--- Data excerpts Enclosed Below ---

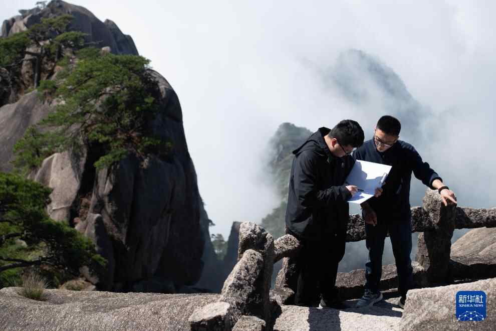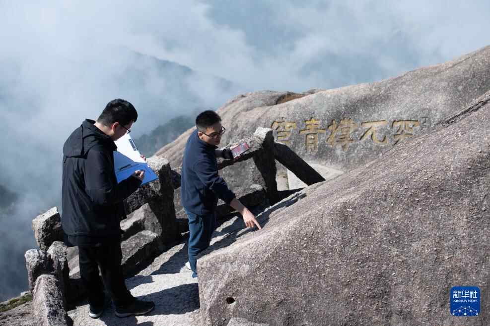 2025年4月23日,黄山风景区文化事业管理办公室副主任俞杨阳(右)与同事盛泽洋在封闭轮休中的莲花峰记录沿途石刻文物信息。
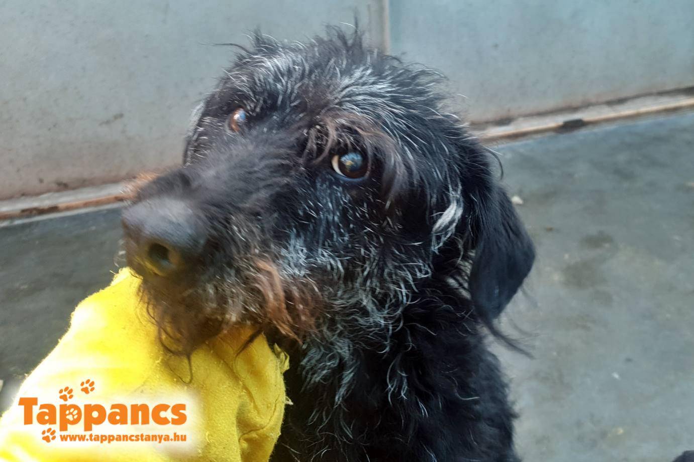 A kiskutya egyébként iszonyatosan férges, alultáplált, és jelenleg eléggé félénk is. A Trixi nevet kapta tőlünk.
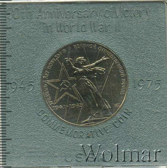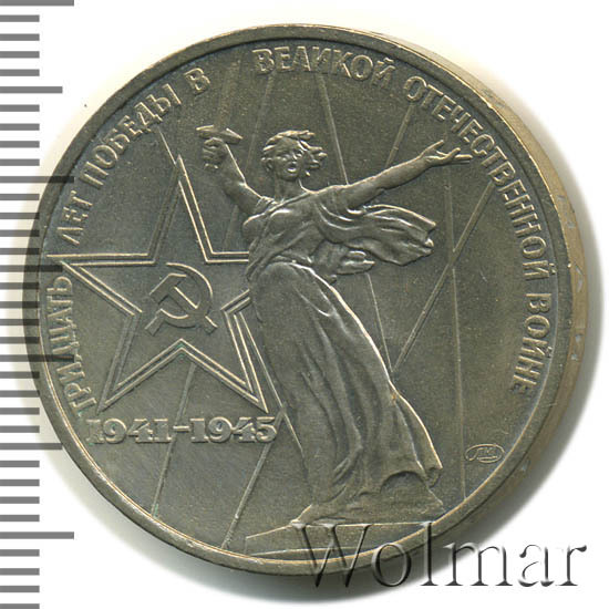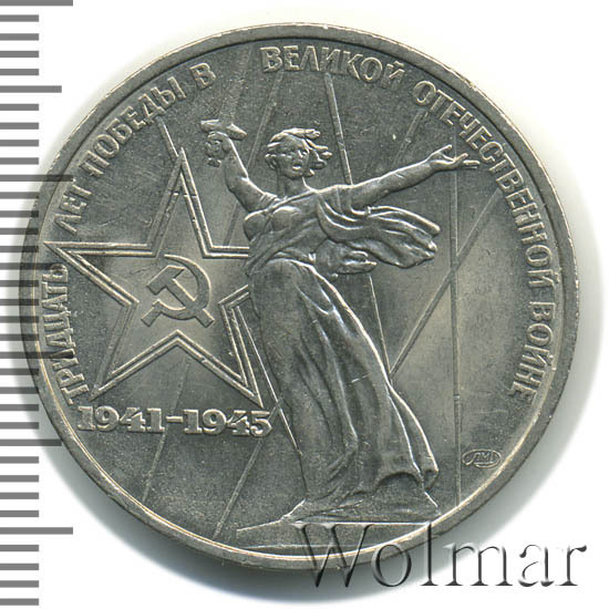 | Гурт | вдавленные надписи «ОДИН РУБЛЬ» и «9 МАЯ 1975», между ними две вдавленные пятиконечные звезды. |
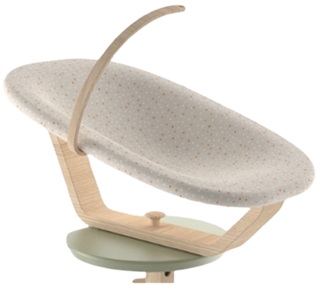 Vključuje mehko, ergonomsko otroško lupinico s tkaninskim prevlekom iz 100 % bombaža, ki se varno pritrdi na otroški stol, kar omogoča, da so tudi najmlajši dojenčki del družinskih trenutkov. Primerna je za uporabo od rojstva do 6 mesecev.
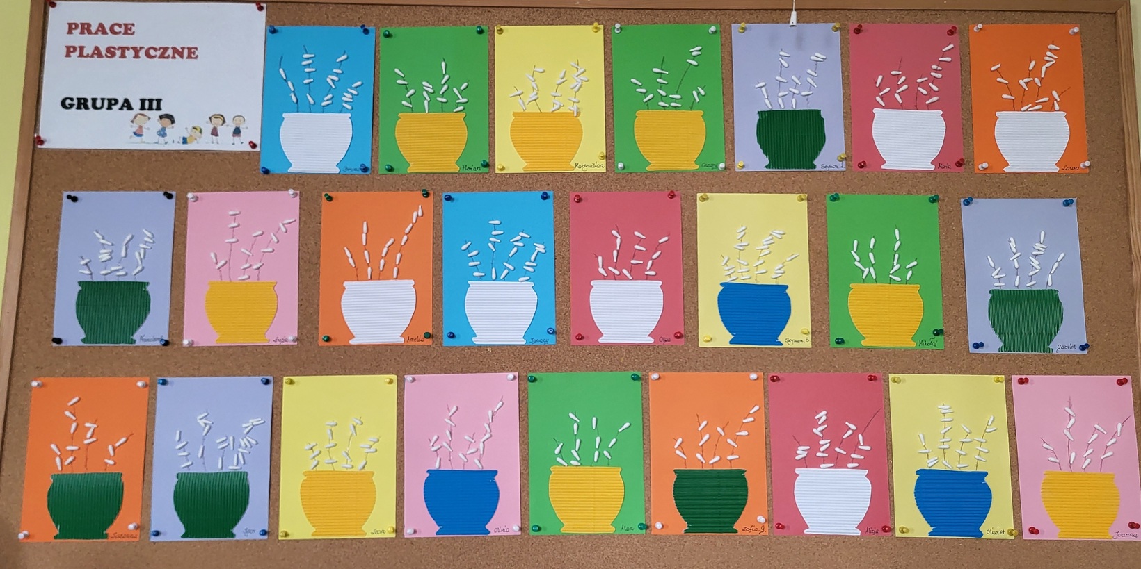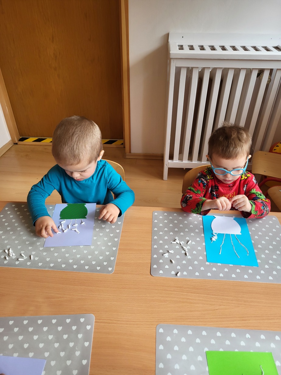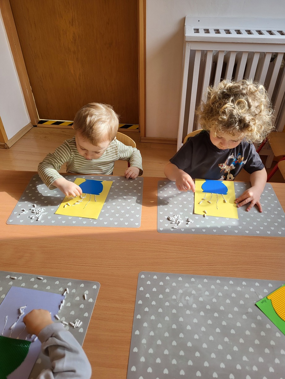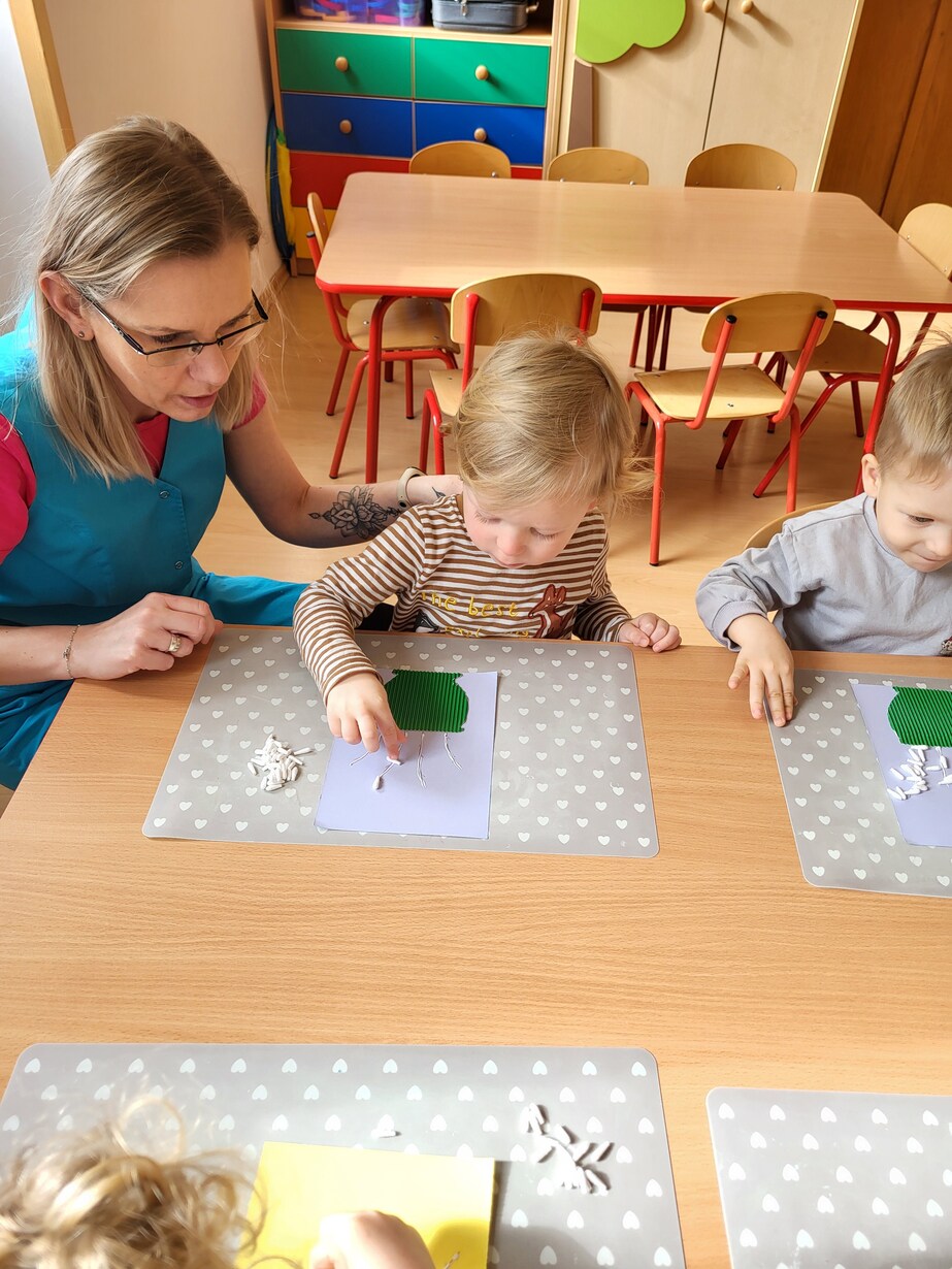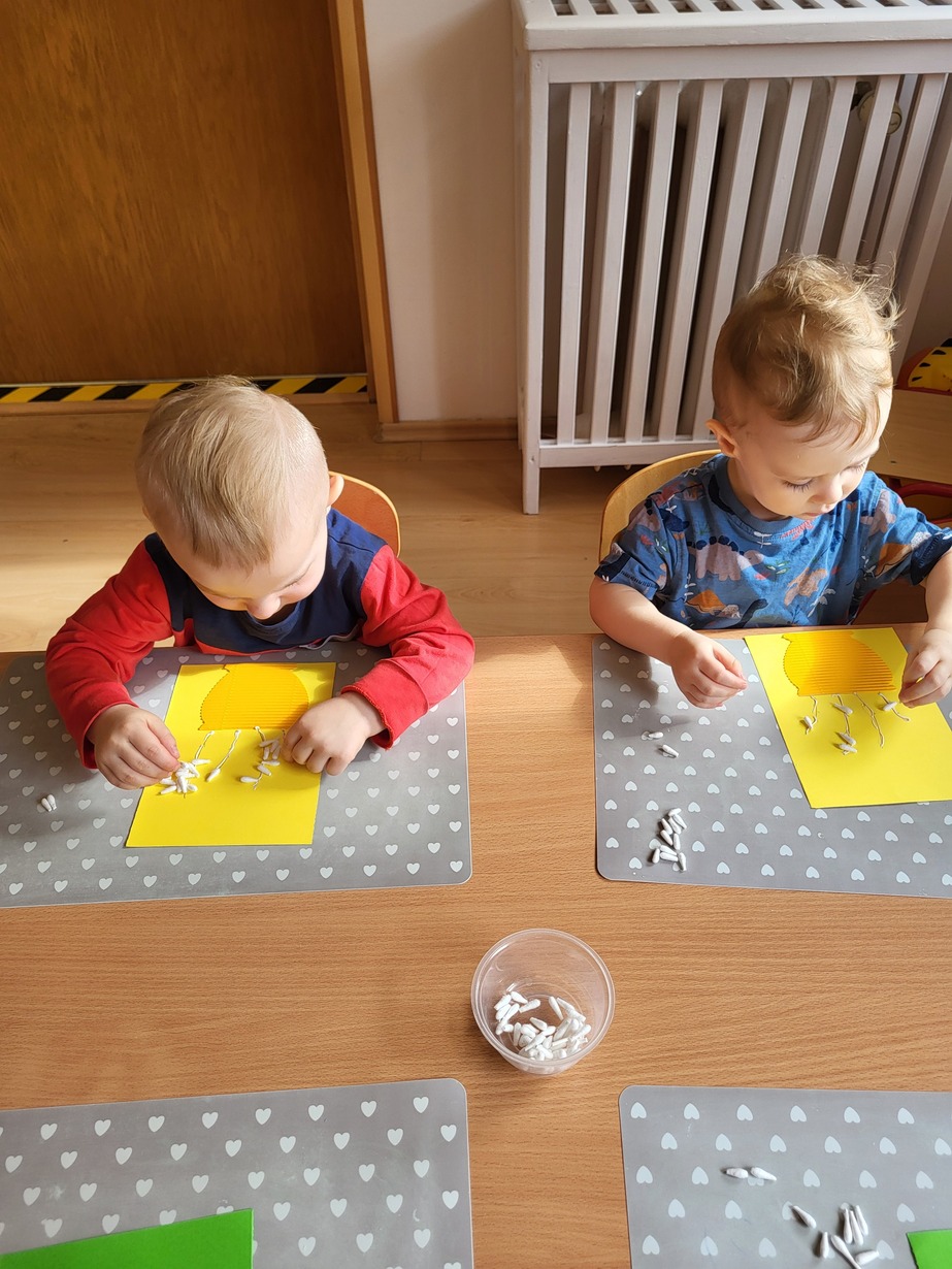 Misie zrobiły piękną pracę plastyczną związaną z pierwszymi oznakami wiosny. Przy okazji poćwiczyły sprawność swoich paluszków.
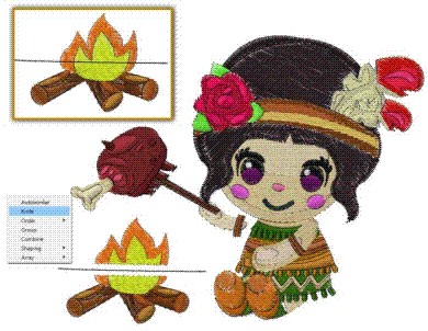 Create closed shape drawings made from stitches, inside any step, satin, Zig-Zag or Satin serial objects, living the remaining area unchanged. You can use any shape including characters. |

--- End of Enclosed Data excerpts ---

* _Try it_: Word for word, restate all of the material, omitting the images.

* _Final answer_:
 2025年4月23日,黄山风景区文化事业管理办公室副主任俞杨阳(右)与同事盛泽洋在封闭轮休中的莲花峰记录沿途石刻文物信息。
 A kiskutya egyébként iszonyatosan férges, alultáplált, és jelenleg eléggé félénk is. A Trixi nevet kapta tőlünk.
 | Гурт | вдавленные надписи «ОДИН РУБЛЬ» и «9 МАЯ 1975», между ними две вдавленные пятиконечные звезды. |
 Vključuje mehko, ergonomsko otroško lupinico s tkaninskim prevlekom iz 100 % bombaža, ki se varno pritrdi na otroški stol, kar omogoča, da so tudi najmlajši dojenčki del družinskih trenutkov. Primerna je za uporabo od rojstva do 6 mesecev.
 Misie zrobiły piękną pracę plastyczną związaną z pierwszymi oznakami wiosny. Przy okazji poćwiczyły sprawność swoich paluszków.
 Create closed shape drawings made from stitches, inside any step, satin, Zig-Zag or Satin serial objects, living the remaining area unchanged. You can use any shape including characters. |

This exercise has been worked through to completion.